THE DATA:
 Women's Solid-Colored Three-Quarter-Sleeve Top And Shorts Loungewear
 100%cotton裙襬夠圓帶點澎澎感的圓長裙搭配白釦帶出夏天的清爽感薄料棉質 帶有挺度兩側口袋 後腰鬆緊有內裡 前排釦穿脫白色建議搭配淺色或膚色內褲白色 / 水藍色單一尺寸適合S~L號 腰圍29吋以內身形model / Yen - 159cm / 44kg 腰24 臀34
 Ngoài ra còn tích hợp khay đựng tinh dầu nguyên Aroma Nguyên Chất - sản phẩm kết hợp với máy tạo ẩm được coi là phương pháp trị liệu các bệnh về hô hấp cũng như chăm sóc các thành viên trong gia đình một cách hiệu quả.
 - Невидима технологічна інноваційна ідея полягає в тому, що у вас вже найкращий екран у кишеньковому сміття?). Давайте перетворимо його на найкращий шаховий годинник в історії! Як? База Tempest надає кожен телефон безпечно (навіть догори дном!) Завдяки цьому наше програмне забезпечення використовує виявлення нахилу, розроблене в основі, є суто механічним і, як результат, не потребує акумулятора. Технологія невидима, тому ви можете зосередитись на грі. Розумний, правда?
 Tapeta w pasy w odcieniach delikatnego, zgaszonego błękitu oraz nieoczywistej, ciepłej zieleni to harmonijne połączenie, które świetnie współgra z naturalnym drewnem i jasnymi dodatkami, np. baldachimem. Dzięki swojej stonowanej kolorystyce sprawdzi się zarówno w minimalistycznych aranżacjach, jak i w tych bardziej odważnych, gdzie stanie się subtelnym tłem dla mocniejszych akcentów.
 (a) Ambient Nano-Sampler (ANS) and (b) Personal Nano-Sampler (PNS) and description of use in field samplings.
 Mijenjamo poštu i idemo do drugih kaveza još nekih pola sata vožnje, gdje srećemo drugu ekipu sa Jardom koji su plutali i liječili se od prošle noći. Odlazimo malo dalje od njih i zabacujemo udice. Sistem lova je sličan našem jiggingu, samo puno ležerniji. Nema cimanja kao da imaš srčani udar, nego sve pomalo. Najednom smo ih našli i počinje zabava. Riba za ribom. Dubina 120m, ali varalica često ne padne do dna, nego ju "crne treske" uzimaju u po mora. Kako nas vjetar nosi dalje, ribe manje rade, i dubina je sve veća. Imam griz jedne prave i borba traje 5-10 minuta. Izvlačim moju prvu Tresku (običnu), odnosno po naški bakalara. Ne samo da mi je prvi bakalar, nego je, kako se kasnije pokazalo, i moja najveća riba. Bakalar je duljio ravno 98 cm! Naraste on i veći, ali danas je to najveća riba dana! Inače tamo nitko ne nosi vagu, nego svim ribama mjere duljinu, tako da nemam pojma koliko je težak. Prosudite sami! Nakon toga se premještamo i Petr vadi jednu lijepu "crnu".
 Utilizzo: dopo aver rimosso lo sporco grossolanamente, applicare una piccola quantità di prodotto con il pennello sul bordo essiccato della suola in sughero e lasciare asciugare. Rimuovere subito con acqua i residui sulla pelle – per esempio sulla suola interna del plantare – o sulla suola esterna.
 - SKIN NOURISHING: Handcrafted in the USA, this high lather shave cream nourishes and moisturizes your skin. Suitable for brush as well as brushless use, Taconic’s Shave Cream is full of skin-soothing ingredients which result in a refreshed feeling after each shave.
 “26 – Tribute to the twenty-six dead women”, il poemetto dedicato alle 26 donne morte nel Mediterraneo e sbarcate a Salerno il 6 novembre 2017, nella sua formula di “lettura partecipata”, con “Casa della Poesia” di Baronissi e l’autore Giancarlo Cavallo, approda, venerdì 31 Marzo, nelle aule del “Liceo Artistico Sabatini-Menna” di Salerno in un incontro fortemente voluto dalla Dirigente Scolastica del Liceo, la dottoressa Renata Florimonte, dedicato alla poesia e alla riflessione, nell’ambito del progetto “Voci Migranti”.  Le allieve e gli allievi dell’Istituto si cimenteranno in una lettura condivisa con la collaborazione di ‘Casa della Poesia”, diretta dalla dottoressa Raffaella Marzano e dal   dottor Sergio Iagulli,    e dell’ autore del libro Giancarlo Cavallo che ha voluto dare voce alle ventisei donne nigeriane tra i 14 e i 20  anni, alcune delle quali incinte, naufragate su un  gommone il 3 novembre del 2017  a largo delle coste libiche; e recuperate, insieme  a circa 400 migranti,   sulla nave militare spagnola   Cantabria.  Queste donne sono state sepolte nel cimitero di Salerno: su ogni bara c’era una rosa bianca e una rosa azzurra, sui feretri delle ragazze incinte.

PROBLEM STATEMENT:
Copy out the range of lines above starting at the line with "Mijenjamo poštu i" and ending at the line with "- SKIN NOURISHING: Handcrafted", exactly and including both.

EXPECTED ANSWER:
 Mijenjamo poštu i idemo do drugih kaveza još nekih pola sata vožnje, gdje srećemo drugu ekipu sa Jardom koji su plutali i liječili se od prošle noći. Odlazimo malo dalje od njih i zabacujemo udice. Sistem lova je sličan našem jiggingu, samo puno ležerniji. Nema cimanja kao da imaš srčani udar, nego sve pomalo. Najednom smo ih našli i počinje zabava. Riba za ribom. Dubina 120m, ali varalica često ne padne do dna, nego ju "crne treske" uzimaju u po mora. Kako nas vjetar nosi dalje, ribe manje rade, i dubina je sve veća. Imam griz jedne prave i borba traje 5-10 minuta. Izvlačim moju prvu Tresku (običnu), odnosno po naški bakalara. Ne samo da mi je prvi bakalar, nego je, kako se kasnije pokazalo, i moja najveća riba. Bakalar je duljio ravno 98 cm! Naraste on i veći, ali danas je to najveća riba dana! Inače tamo nitko ne nosi vagu, nego svim ribama mjere duljinu, tako da nemam pojma koliko je težak. Prosudite sami! Nakon toga se premještamo i Petr vadi jednu lijepu "crnu".
 Utilizzo: dopo aver rimosso lo sporco grossolanamente, applicare una piccola quantità di prodotto con il pennello sul bordo essiccato della suola in sughero e lasciare asciugare. Rimuovere subito con acqua i residui sulla pelle – per esempio sulla suola interna del plantare – o sulla suola esterna.
 - SKIN NOURISHING: Handcrafted in the USA, this high lather shave cream nourishes and moisturizes your skin. Suitable for brush as well as brushless use, Taconic’s Shave Cream is full of skin-soothing ingredients which result in a refreshed feeling after each shave.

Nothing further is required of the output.